Creating a risk intelligent culture
“How do we ensure that we have brought on security risk audit tools to eliminate not only the manual processing, but also rule-based suppression of duties and audit sampling so that we can enable the audit community to provide the best for the finance organisation?” Swami asked.

He explained that this can be done by creating a risk intelligent culture within the organisation.

“There are multiple areas that we need to be cognisant of when it comes to risk management,” he said. “One, is streamlining and integrating your audit and compliance, and having an enterprise risk management framework for business continuity and planning. So shifting some of the finance and compliance resources to high-value activities is also part of this engagement.”

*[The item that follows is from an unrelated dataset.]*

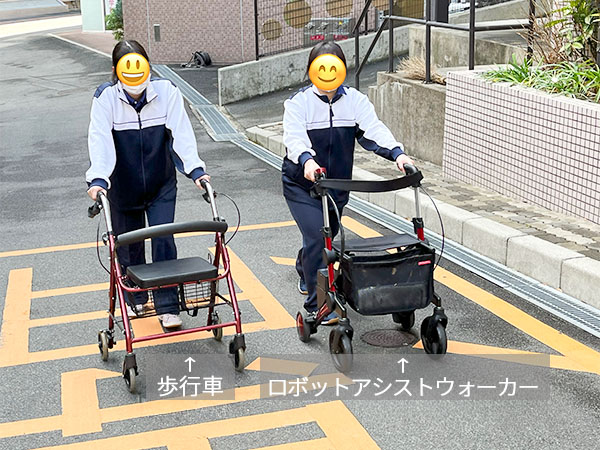 - ・普通の歩行車は振動が大きく、坂を下りているときに、坂に流されるように斜めに曲がってしまったが、ロボットアシストウォーカーは振動も少なく、速さも制御してくれるため、とても歩きやすかった。
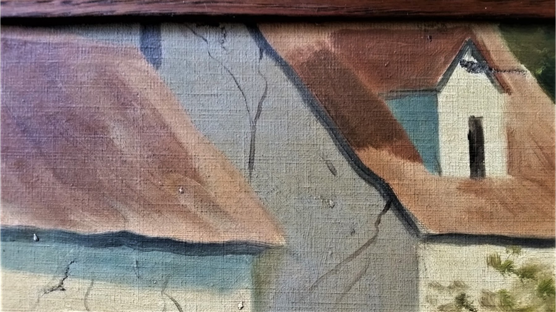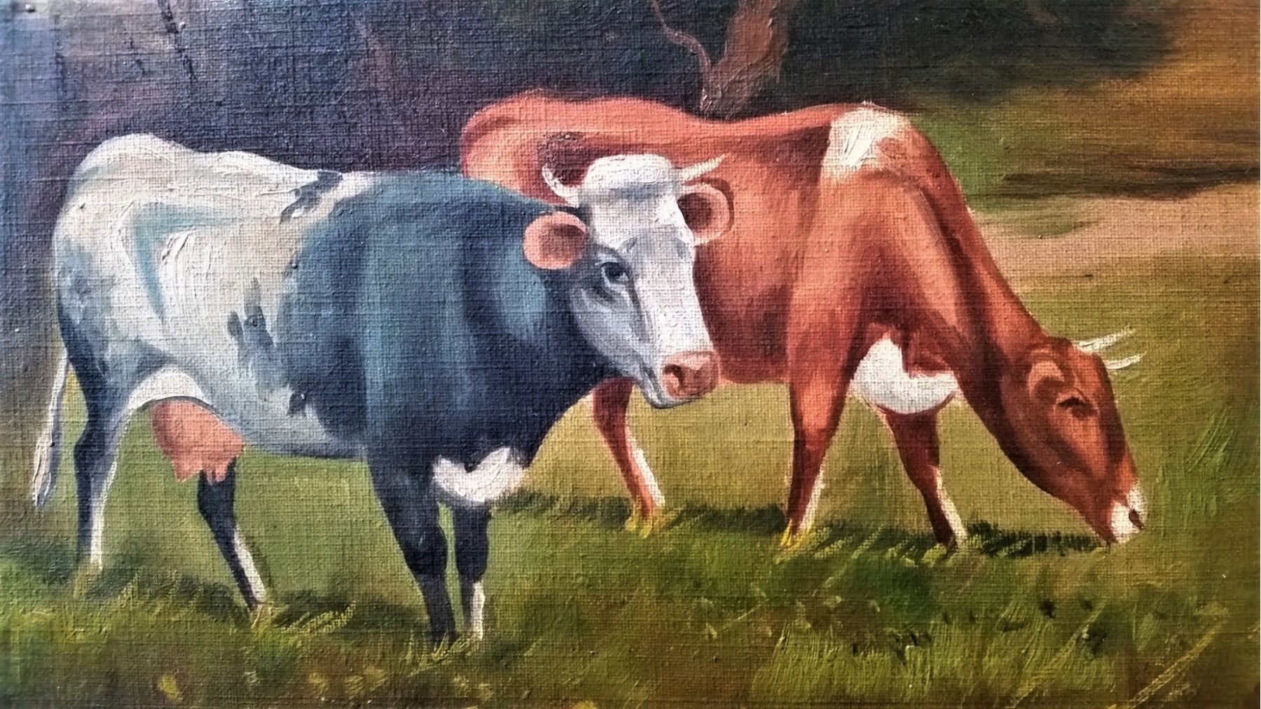 Pastoral Folk Art Farm painting with Two Cows in a mission oak frame.

Next, he said, is using a native integrated risk management solution to engage with the key stakeholders and business process owners. Then, automating the analysis of the application security from the initial design to operating, to certification, and to evolution.

“What is common in all these moves is you need to have one, unified, integrated solution that covers the whole enterprise – from finance, to procurement, to supply chain, to customer experience, to HR management,” Swami said. “Having an end-to-end business process ensures that you are able to focus on the new business model, able to get M&A done very quickly and also able to help the workforce grow as well.”

King’s College and Hospital
King’s College and Hospital is in the process of taking these four steps. ICT director Saurabh Bhatnagar explained that they have automated a lot of integrations between different business solutions.

“We’ve automated back office and bank reconciliation processes, which has allowed us to do better planning and budgeting,” Saurabh explained. “We were even able to understand our consumers better and create the right reports.”

He said that the organisation is still in the process of rolling out some in-house solutions.